Work item:
Your answer must be the exact lines from the one with "한국한의학연구원이 개발한 한의학의" to the end of the data, both included, with no pictures.

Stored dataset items
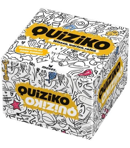 "Wissen, Warten, Raten: Völlig ahnungslos? Gefährliches Halbwissen? Oder ein*e Besserwisser*in? Bei diesem Spiel können alle mitmachen. Denn wer sich bei Quiziko, dem Quiz mit dem gewissen Risiko, traut, die Antwort früh abzugeben, sahnt ordentlich Punkte ab oder riskiert leer auszugehen, während die anderen vorbeiziehen. Denn nach und nach fallen falsche Antworten der insgesamt 300 Quizfragen weg und damit steigt die Chance, richtigzuliegen und Punkte zu kassieren. Das Quizspiel überzeugt mit einem innovativen Spielprinzip und sorgt dank des Risikofaktors für besonders spannenden Spielspaß. Ein Muss für Quizfans und ein tolles Spiel für den nächsten Spieleabend! Inhalt: 150 Quizkarten mit 300 Fragen, 1 Spiegel, 1 Antworttafel, 30 Antwortmarker, 5 Punktemarker, 4 Abdeckungen, 1 Spielanleitung 1991 startet der moses. Verlag GmbH als kleiner Kinderbuchverlag. Im Laufe der Jahre entwickelte moses. Ihre Klassiker: Die Becherlupe, die rabenschwarzen ""black stories"" sowie ihren umfangreichen Produktkatalog " ...
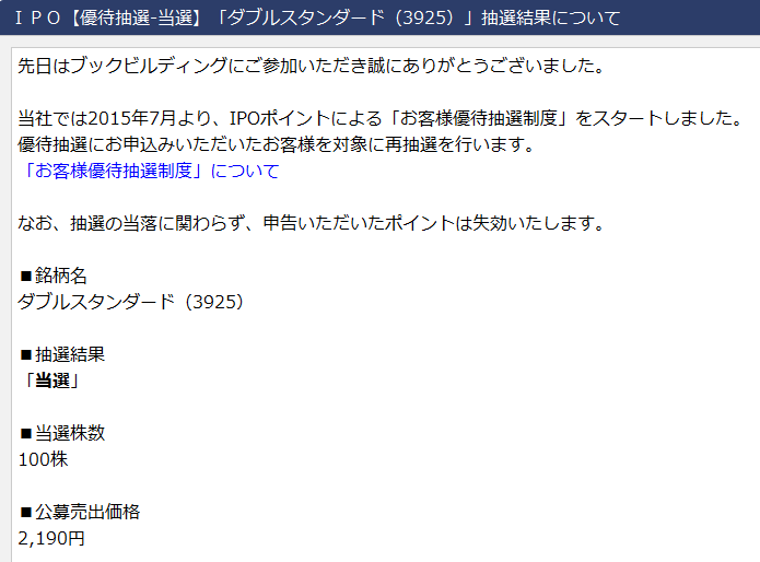 【当選!】 IPO ダブルスタンダード (3925) ~ 『裏』ポイント抽選で当選!
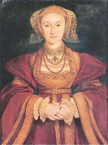 畫家小荷爾拜因所畫的安妮。亨利八世認為此畫美化了安妮的長相。(維基百科)
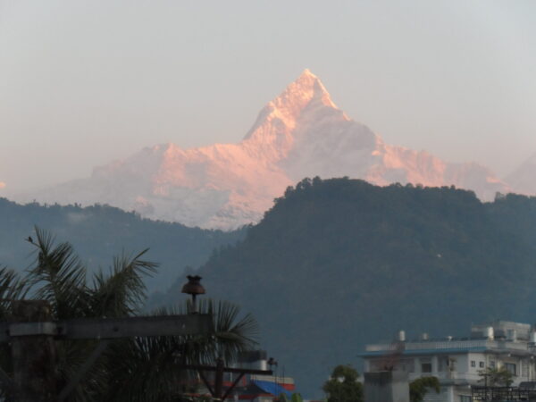 Sobre las nueve de la mañana salgo a tomar un café acá al lado, es caro. Me cobran un euro por el puto café. Por la habitación pago 7 euros, con vista a los Himalaya impresionantes, ver la foto desde mi balcón. agua caliente, una cama Queen, baño privado. Y por un café un euro y por una cerveza 4 euros. En fin. la vista es espectacular, El machapuchare se levanta como una pared con sus 6.993 metros de altura. es una montaña hermosa y prohibida para ascender. creo que solo te dejan llegar hasta los 3600 metros. nadie ha llegado a su cumbre. porque ? eso ya es otra historia que contare mas adelante.
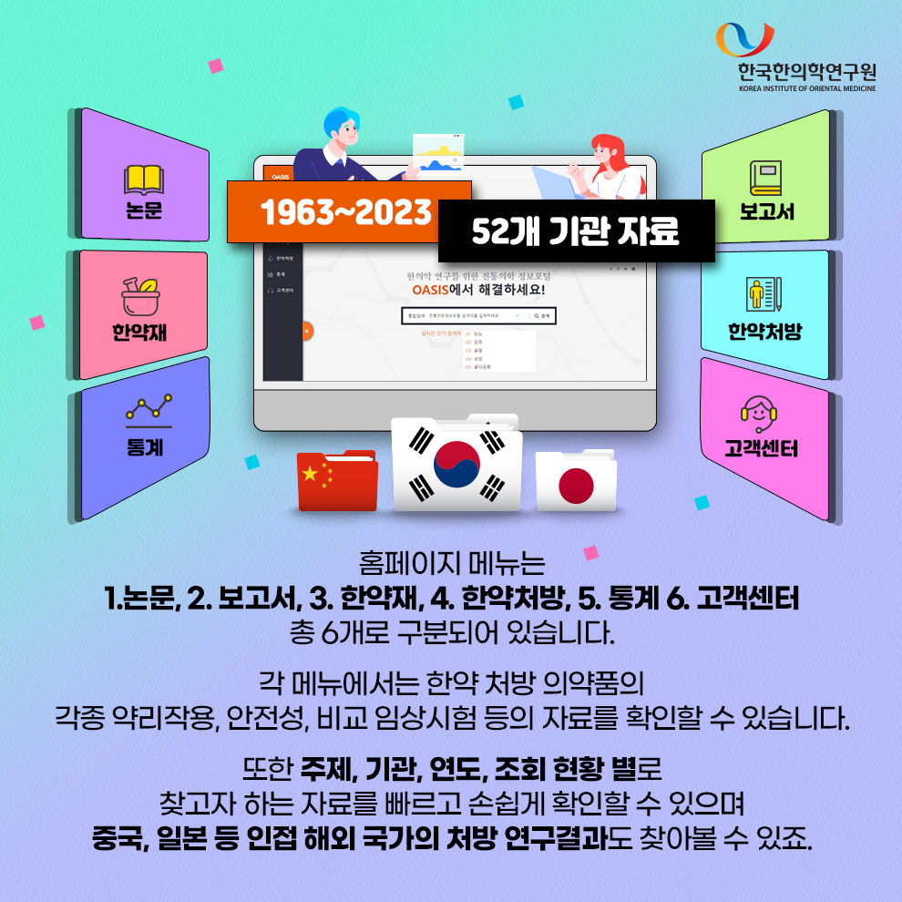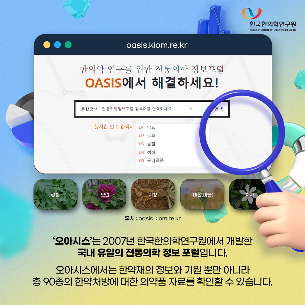 한국한의학연구원이 개발한 한의학의 오아시스! 국내 유일의 전통의학 정보포털 오아시스(OASIS)를 소개합니다.
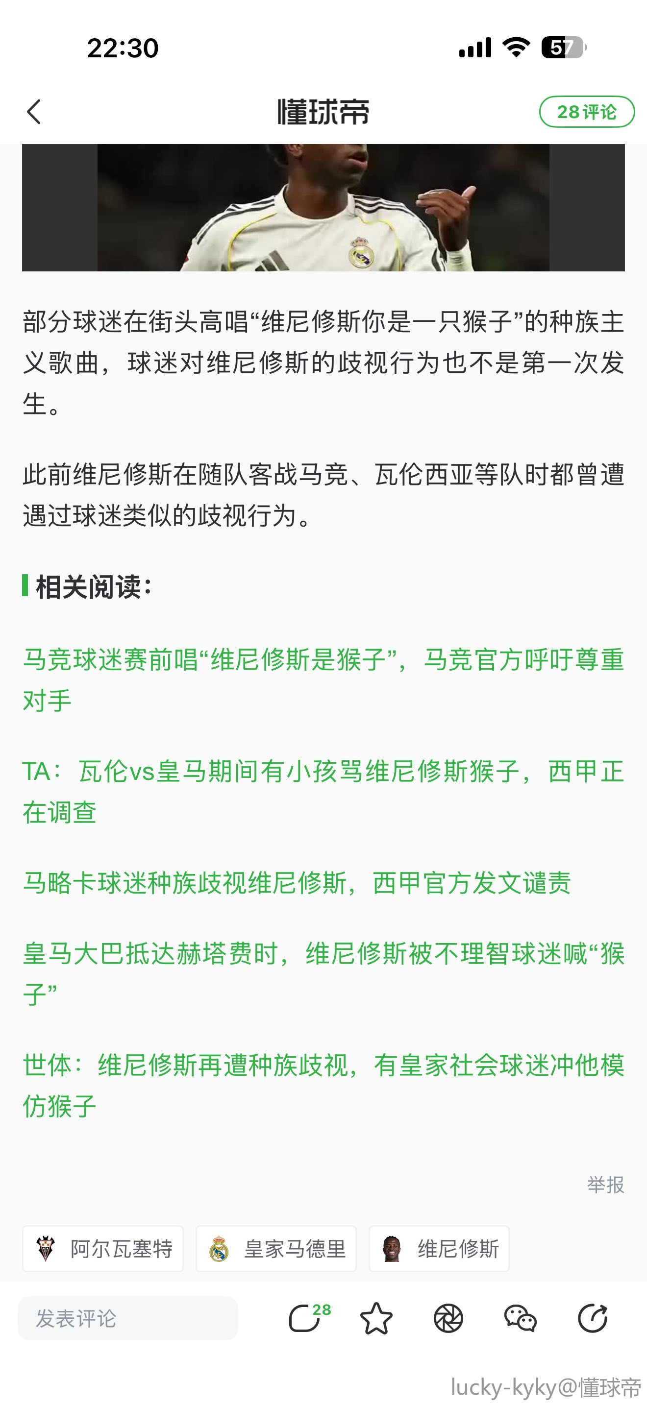 西甲谴责阿尔瓦塞特球迷种族歧视:维尼修斯,西甲与你同在

Response to the task:
 한국한의학연구원이 개발한 한의학의 오아시스! 국내 유일의 전통의학 정보포털 오아시스(OASIS)를 소개합니다.
 西甲谴责阿尔瓦塞特球迷种族歧视:维尼修斯,西甲与你同在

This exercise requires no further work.